The actual guarding preprocessor #define is actually called __AVX__ (and __AVX512__). Here are the places where this is used:

dealii/include/deal.II/base/vectorization.h:// #ifdef __AVX512F__
dealii/include/deal.II/base/vectorization.h:// #elif defined (__AVX__)
dealii/include/deal.II/base/vectorization.h:// In addition to checking the flags __AVX512F__, __AVX__ and __SSE2__, a CMake
dealii/include/deal.II/base/vectorization.h:#  if DEAL_II_VECTORIZATION_WIDTH_IN_BITS >= 256 && !defined(__AVX__)
dealii/include/deal.II/base/vectorization.h:#  if DEAL_II_VECTORIZATION_WIDTH_IN_BITS >= 512 && !defined(__AVX512F__)
dealii/include/deal.II/base/vectorization.h:// for safety, also check that __AVX512F__ is defined in case the user manually
dealii/include/deal.II/base/vectorization.h:#  if DEAL_II_VECTORIZATION_WIDTH_IN_BITS >= 512 && defined(__AVX512F__)
dealii/include/deal.II/base/vectorization.h:#  if DEAL_II_VECTORIZATION_WIDTH_IN_BITS >= 256 && defined(__AVX__)

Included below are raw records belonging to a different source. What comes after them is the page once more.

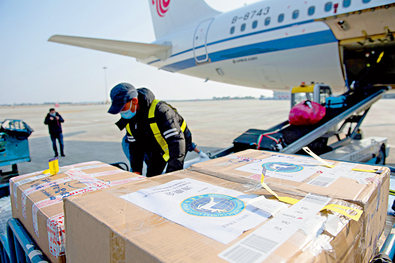 图:2月9日,温州龙湾国际机场工作人员装卸一批来自法国的防疫物资\新华社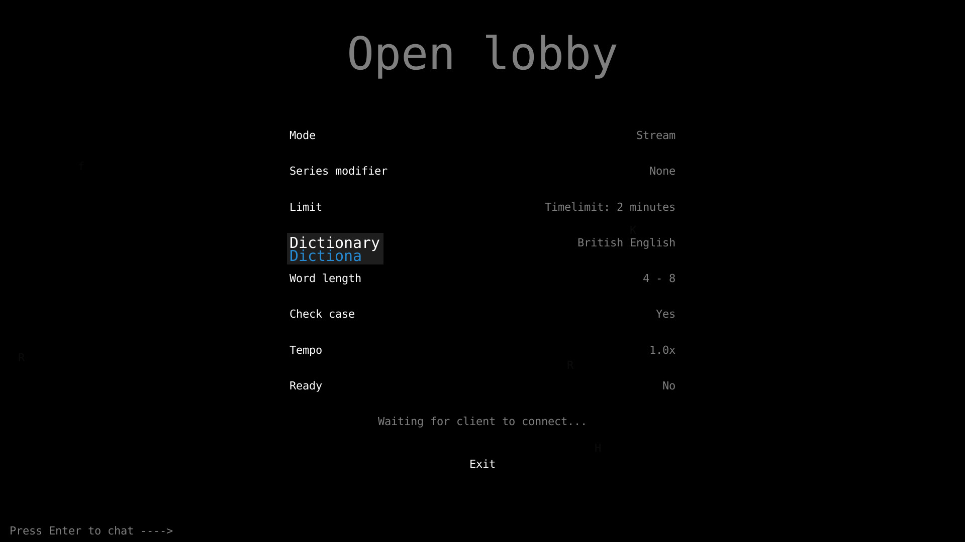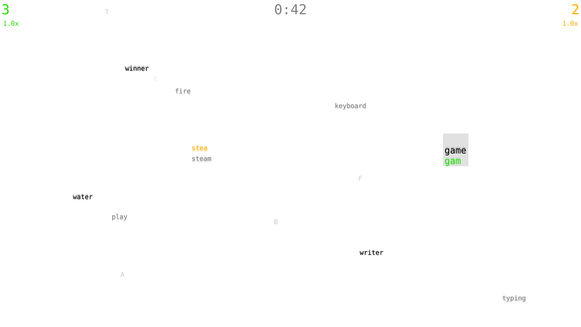 Typefighters is a competitive multiplayer game where two players battle each other using their typing skills. Its variety of modes does not only emphasise typing speed and correctness, but also other skills like reaction time, sustained attention, creativity, tactics and anticipating the opponents moves. Aside from being a tool to settle arguments on who is the best on a keyboard, the game can also be used for training purposes.Features: Show your friends who is the fastest typist! 8 modes requiring a variety of skills aside from typing speed and correctness Online and LAN multiplayer for two players Add your own word lists for additional languages and special challenges Adjustable singleplayer opponent Customizable color scheme Additional benefit of providing typing practiceAdditional features of the Steam Edition: Matchmaking (but please note that the playerbase is pretty small at the moment) Achievements Leaderboards Trading CardsIn regards to Multiplayer, the Steam version is fully compatible with the free version. As the serverlist is a Steam exclusive feature however, the other player needs your IP address to connect directly. Далее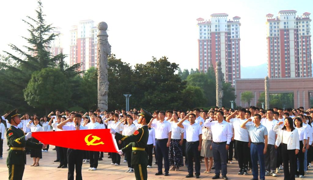 6月30日清晨,为庆祝中国共产党成立102周年,​MK体育在泰山广场隆重举行庆祝中国共产党成立102周年“七一”升国旗暨重温入党誓词活动,公司全体师生党员参加。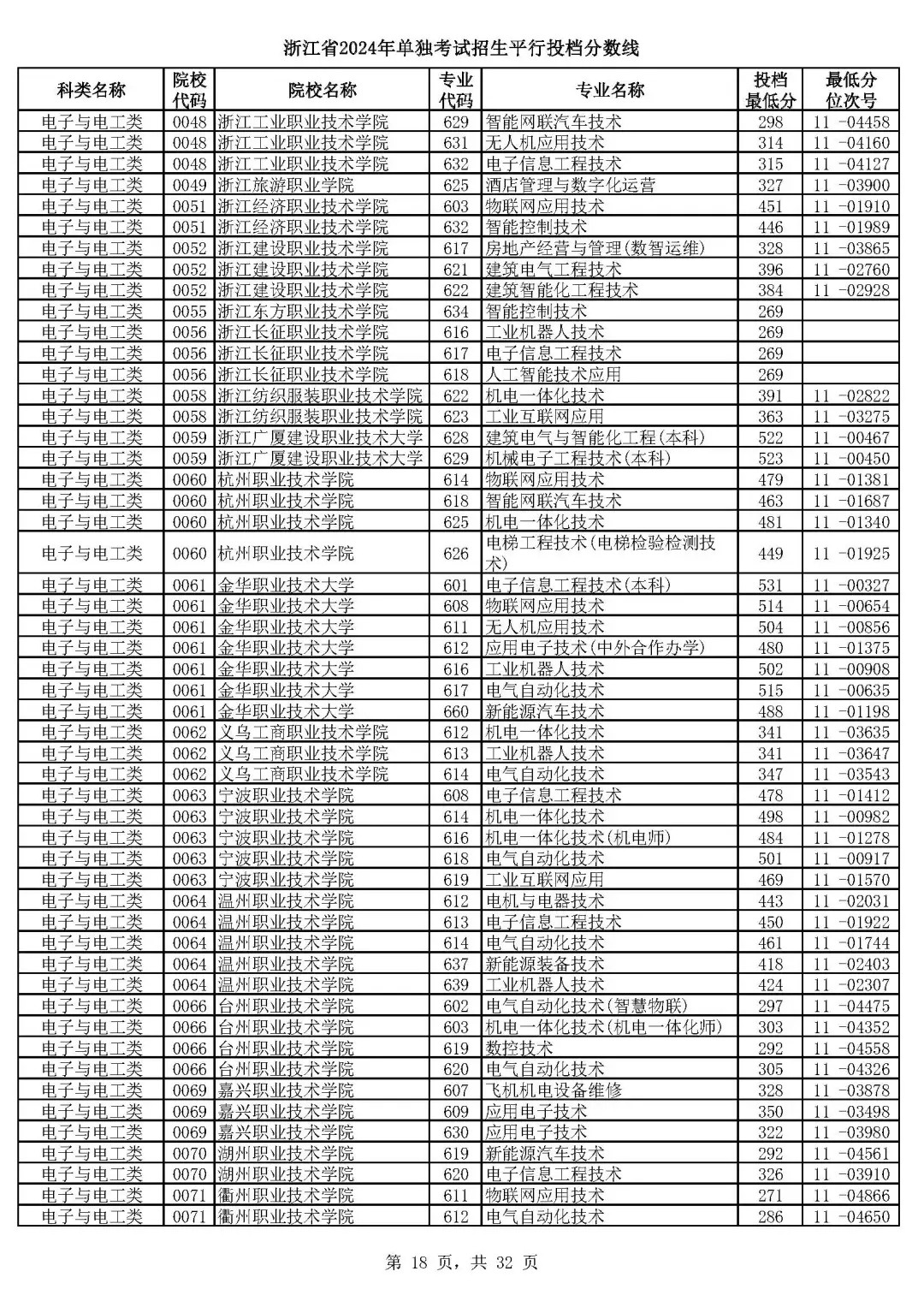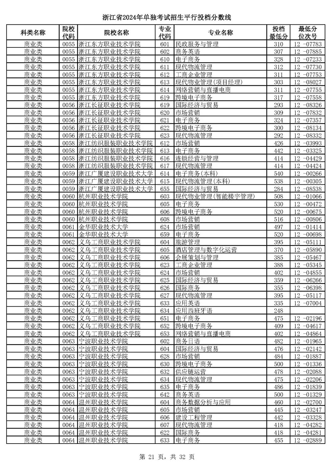 從浙江發(fā)布了解到,浙江2024年單獨(dú)考試招生平行投檔分?jǐn)?shù)線已公布,具體如下:

dealii/include/deal.II/base/vectorization.h:#    ifdef __AVX2__
dealii/include/deal.II/base/vectorization.h:#    ifdef __AVX2__
dealii/include/deal.II/base/vectorization.h:#if DEAL_II_VECTORIZATION_WIDTH_IN_BITS >= 256 && defined(__AVX__)

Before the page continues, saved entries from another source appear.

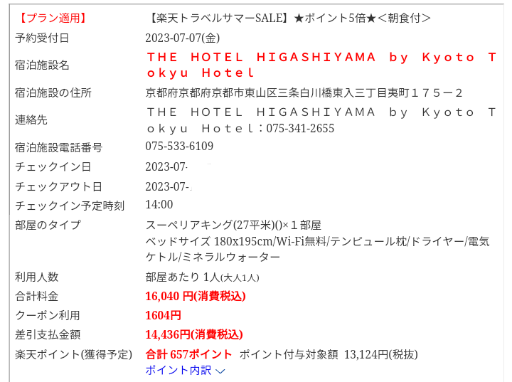 今回は楽天トラベルで予約👍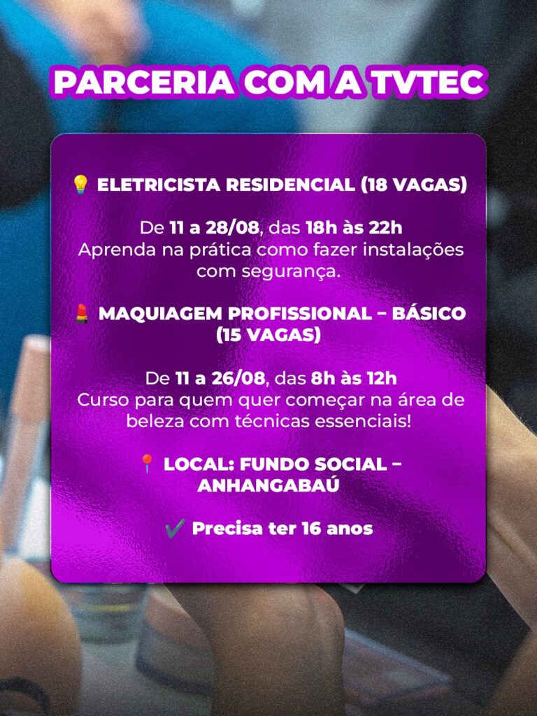São oportunidades em áreas como tecnologia, elétrica e beleza, em parceria com o SENAI Jundiaí e a TV TEC.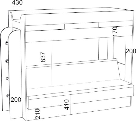 Размер верхнего спального места: 80х190 см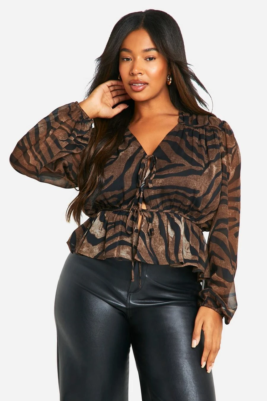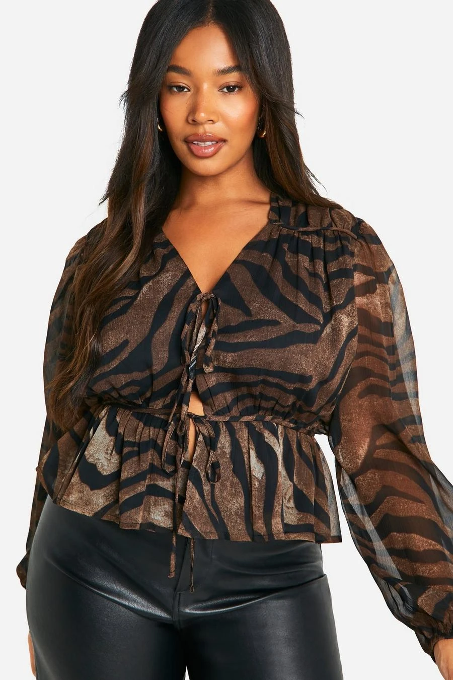 BOOHOO Plus Tie Front Chiffon Animal Blouse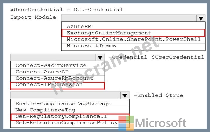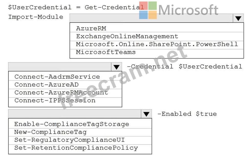 How should you complete the PowerShell script? To answer, select the appropriate options in the answer area.

dealii/include/deal.II/base/vectorization.h:#  if DEAL_II_VECTORIZATION_WIDTH_IN_BITS >= 512 && defined(__AVX512F__)
dealii/include/deal.II/base/vectorization.h:#  if DEAL_II_VECTORIZATION_WIDTH_IN_BITS >= 256 && defined(__AVX__)
dealii/include/deal.II/base/numbers.h:#elif DEAL_II_VECTORIZATION_WIDTH_IN_BITS >= 512 && defined(__AVX512F__)
dealii/include/deal.II/base/numbers.h:#elif DEAL_II_VECTORIZATION_WIDTH_IN_BITS >= 256 && defined(__AVX__)
dealii/source/matrix_free/mapping_info.cc:#  if DEAL_II_VECTORIZATION_WIDTH_IN_BITS >= 256 && defined(__AVX__)
dealii/source/matrix_free/mapping_info.cc:#  if DEAL_II_VECTORIZATION_WIDTH_IN_BITS >= 512 && defined(__AVX512F__)

As mentioned above, DEAL_II_VECTORIZATION_WIDTH_IN_BITS == 0 for this benchmark. So the only places that need to be checked are the ones that do not reference DEAL_II_VECTORIZATION_WIDTH_IN_BITS, leaving only the two places in vectorization.h that are not already commented out. I've confirmed that these are all ultimately guarded by DEAL_II_VECTORIZATION_WIDTH_IN_BITS and so inactive as well.